Wikipedia has a good article on taste. It name the five basic tastes:  sweetness, sourness, saltiness, bitterness, and umami. Then adds a bit on other qualities that can be perceived:
The basic tastes contribute only partially to the sensation and flavor of food in the mouth—other factors include smell, detected by the olfactory epithelium of the nose; texture, detected through a variety of mechanoreceptors, muscle nerves, etc.; temperature, detected by thermoreceptors; and "coolness" (such as of menthol) and "hotness" (pungency), through chemesthesis.

But why calcium? It seems that in 2008 a sixth 'taste' was discovered: calcium.

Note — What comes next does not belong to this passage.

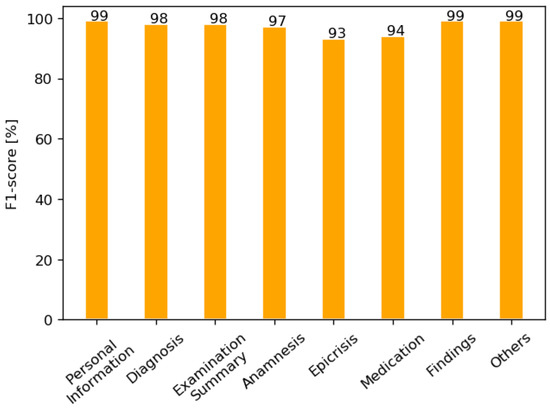 In the following, detailed results from our evaluations are shown for all pipelines and all classes. In Table A1, precision, recall and F1-score are shown for the extracted sections of interest. Out of these sections, we currently further process four sections, namely Personal Information, Anamnesis, Diagnosis and Examination Summary. We reach F1-scores above or equal to 97% for these sections.

The research was conducted by Michael Tordoff, a behavioral geneticist at the Monell Chemical Senses Center in Philadelphia. He says about the taste of calcium:
"Calcium tastes calcium-y," Tordoff said. "There isn't a better word for it. It is bitter, perhaps even a little sour. But it's much more because there are actual receptors for calcium, not just bitter or sour compounds."

Apparently a taste receptor for calcium
... makes sense for our survival, since the mineral is key to cell biology and good bones. Low calcium intakes have been implicated in several chronic diseases in people, including osteoporosis, obesity and hypertension.
"Many animals have a specific calcium appetite, which implies they can detect the mineral and consume sufficient quantities of it to meet their needs," Tordoff said.

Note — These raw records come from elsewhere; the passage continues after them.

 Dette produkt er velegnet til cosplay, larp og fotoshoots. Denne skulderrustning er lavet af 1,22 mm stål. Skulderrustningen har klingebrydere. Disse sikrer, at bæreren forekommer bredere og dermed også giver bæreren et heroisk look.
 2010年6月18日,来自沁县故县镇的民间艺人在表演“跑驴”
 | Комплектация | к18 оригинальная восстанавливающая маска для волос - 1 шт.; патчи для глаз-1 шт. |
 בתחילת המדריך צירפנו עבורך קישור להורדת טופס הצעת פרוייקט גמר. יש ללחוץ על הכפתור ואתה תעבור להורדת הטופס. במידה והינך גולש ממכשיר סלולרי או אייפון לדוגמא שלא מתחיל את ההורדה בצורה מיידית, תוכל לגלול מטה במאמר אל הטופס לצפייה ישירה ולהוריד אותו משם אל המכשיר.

ScienceDaily also reported on this topic in That Tastes ... Sweet? Sour? No, It's Definitely Calcium!

In 2012 Nature published a scholarly article that essentially followed-up on the discovery. It is titled "T1R3: A human calcium taste receptor." While the article is fairly technical, it make a thought-provoding statement in the discussion:
We are often asked whether calcium is a basic taste, akin to sweet, sour, salty, bitter and umami. Our demonstration of a receptor in the oral cavity fulfills a universally accepted criterion for a basic taste but there is little consensus about what other criteria must be met. For example, is a specific taste quality or a central representation required? The “basic taste” concept is under fire. It cannot deal well with observations that the tastes of complex carbohydrates are bland to humans but avidly preferred by many other species, that dozens of receptors all produce a unitary sensation of bitterness, or that there is apparently no region encoding sour taste in primary taste cortex. Without a better definition we cannot determine whether calcium is a basic taste. Nevertheless, our results showing that calcium and lactisole interact with T1R3 establish T1R3 as a calcium taste receptor, and consequently provide the first evidence for calcium taste transduction in the human oral cavity.